Знал я ее за женщину прекрасной честности, да и горе ее такое трогательное, – думаю: отдаст или не отдаст – господь с ней, от полутораста рублей не разбогатеешь и не обеднеешь, а между тем у нее мучения на душе не останется, что она не все средства испробовала, чтобы «вручить» бумажку, которая могла спасти ее дело.
Взяла она просимые деньги и поплыла в трактир к своему отчаянному дельцу. А я с любопытством дожидал ее на следующее утро, чтобы узнать: на какое еще новое штукарство изловчаются плутовать в Петербурге?
Только то, о чем я узнал, превзошло мои ожидания: пассажный гений не постыдил ни веры, ни предчувствий доброй старушки.
Глава пятая
На третий день праздника она влетает ко мне в дорожном платье и с саквояжем, и первое, что делает, – кладет мне на стол занятые у меня полтораста рублей, а потом показывает банковую, переводную расписку с лишком на пятнадцать тысяч… – Глазам своим не верю! Что это значит?
– Ничего больше, как я получила все свои деньги с процентами.
– Каким образом? Неужто все это четырнадцатиовчинный Иван Иваныч устроил?
– Да, он. Впрочем, был еще и другой, которому он от себя триста рублей дал – потому что без помощи этого человека обойтись было невозможно.
– Это что же еще за деятель? Вы уж расскажите все, как они вам помогали!

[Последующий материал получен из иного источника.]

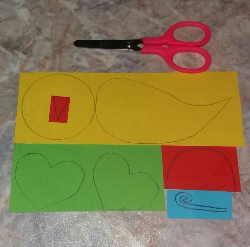 Навийте на руло жълти и оранжеви ленти, с които ще украсите главата, клюна и някои места по тялото. След това трябва да изпробвате частите от скицата и да ги залепите. Можете да оставите пропуските такива, каквито са, или да сглобите още няколко елемента и да запълните пропуските.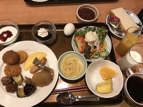 朝食は2階の居酒屋で。私たちの出発が早かったので開店を早めてくれてありがたかった。

– Помогли очень честно. Я как пришла в трактир и отдала Ивану Иванычу деньги – он сосчитал, принял и говорит: «Теперь, госпожа, поедем. Я, говорит, гений помысли моей, но мне нужен исполнитель моего плана, потому что я сам таинственный незнакомец и своим лицом юридических действий производить не могу». Ездили по многим низким местам и по баням – всё искали какого-то «сербского сражателя» * , но долго его не могли найти. Наконец нашли. Вышел этот сражатель из какой-то ямки, в сербском военном костюме, весь оборванный, а в зубах пипочка из газетной бумаги, и говорит: «Я все могу, что кому нужно, но прежде всего надо выпить». Все мы трое в трактире сидели и торговались, и сербский сражатель требовал «по сту рублей на месяц, за три месяца». На этом решили. Я еще ничего не понимала, но видела, что Иван Иваныч ему деньги отдал, стало быть он верит, и мне полегче стало. А потом я Ивана Иваныча к себе взяла, чтобы в моей квартире находился, а сербского сражателя в бани ночевать отпустили с тем, чтобы утром явился. Он утром пришел и говорит: «Я готов!» А Иван Иваныч мне шепчет: «Пошлите для него за водочкой: от него нужна смелость. Много я ему пить не дам, а немножко необходимо для храбрости: настает самое главное его исполнение».
Выпил сербский сражатель, и они поехали на станцию железной дороги, с поездом которой старушкин должник и его дама должны были уехать. Старушка все еще ничего не понимала, что такое они замыслили и как исполнят, но сражатель ее успокоивал и говорил, что «все будет честно и благородно». Стала съезжаться к поезду публика, и должник явился тут, как лист перед травою, и с ним дама; лакей берет для них билеты, а он сидит с своей дамой, чаи пьет и тревожно осматривается на всех. Старушка спряталась за Ивана Иваныча и указывает на должника – говорит: «Вот – он!»
Сербский воитель увидал, сказал «хорошо», и сейчас же встал и прошел мимо франта раз, потом во второй, а потом в третий раз, прямо против него остановился и говорит:
– Чего это вы на меня так смотрите?
Тот отвечает:
– Я на вас вовсе никак не смотрю, я чай пью.
– А-а! – говорит воитель, – вы не смотрите, а чай пьете? так я же вас заставлю на меня смотреть, и вот вам от меня к чаю лимонный сок, песок и шоколаду кусок!.. – Да с этим – хлоп, хлоп, хлоп! его три раза по лицу и ударил.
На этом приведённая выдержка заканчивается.